When this trips, the training loop stops — it doesn’t roll back automatically:

# scripts/train.py
if nan_detector.should_rollback:
    logger.error("Too many consecutive NaNs — stopping")
    break

Rolling back is manual: resubmit with checkpoint.load_path pointing at an earlier step_N directory. The reason it’s not automatic is that the source of the NaN determines what’s safe:

  • LR spike — reduce optimizer.lr or scheduler.warmup_steps, restart from an earlier checkpoint.

  • Bad data — skip the offending shard, restart from the same checkpoint.

  • FP8 overflow — reduce distributed.fp8_interval or disable FP8 for sensitive layers, restart.
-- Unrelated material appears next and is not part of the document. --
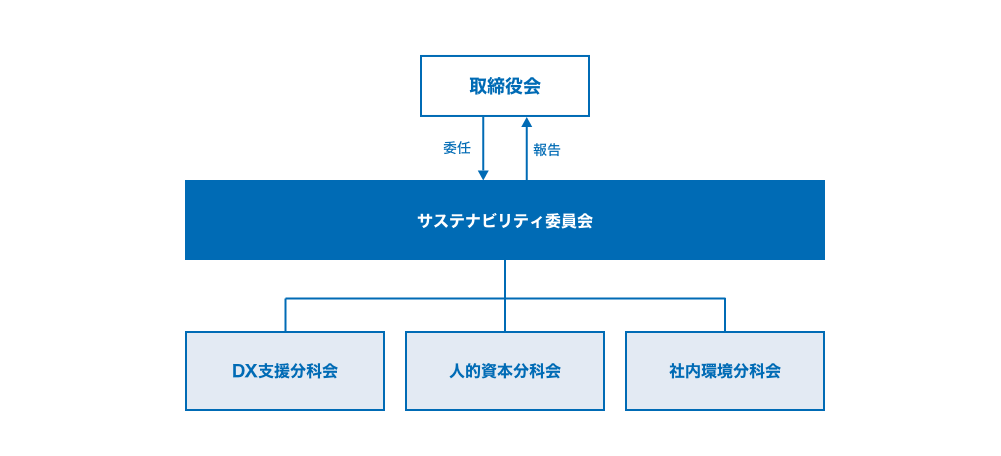 当社は、2022年12月に代表取締役社長CEOを委員長とする「サステナビリティ委員会」を設置しました。委員会では、取締役会から委任を受け、事業活動を通じて産業のサステナブルな発展を実現するための施策を検討し、取締役会に報告します。

A rule-of-thumb: if you hit should_rollback, don’t resume from the most recent checkpoint. It was written just before the NaN storm, so whatever state caused the explosion is baked in.

Manual use

Call the detector outside the training loop for ad-hoc checks:

from kempnerforge.resilience import NaNDetector

det = NaNDetector(action="raise", max_consecutive=1)  # fail fast
for step, batch in enumerate(loader):
    loss = model(batch).item()
    det.check_loss(loss, step)    # raises on first NaN

check_gradients(model, step) does the same but walks model.named_parameters() and returns False on the first NaN grad. The action="raise" mode raises RuntimeError instead of returning False (the warning case still returns False).

Limitations

  • NaN action isn’t in config. Fixed at "warn" / max_consecutive=10 in scripts/train.py:85. Change the source if you need something different.

  • No gradient scan in the hot path. check_gradients exists but isn’t wired in. Add it if you’re hunting a specific gradient pathology; expect a small per-step cost (one isfinite + .all() per parameter).

  • Loss is already a CPU scalar. check_loss gets a Python float, so the distributed sync creates a new tensor on CUDA and all-reduces it — a negligible one-off each step but not free. If you optimize this path, aggregate the NaN flag into the existing grad-norm all-reduce.

See also

  • SLURM preemption — the other “stop cleanly” mechanism; both rely on the training loop polling a flag between steps.

  • GPU health — coarser health check; run it at startup and after any NCCL failure.

  • Checkpointing § Auto-resume — where to point checkpoint.load_path when rolling back.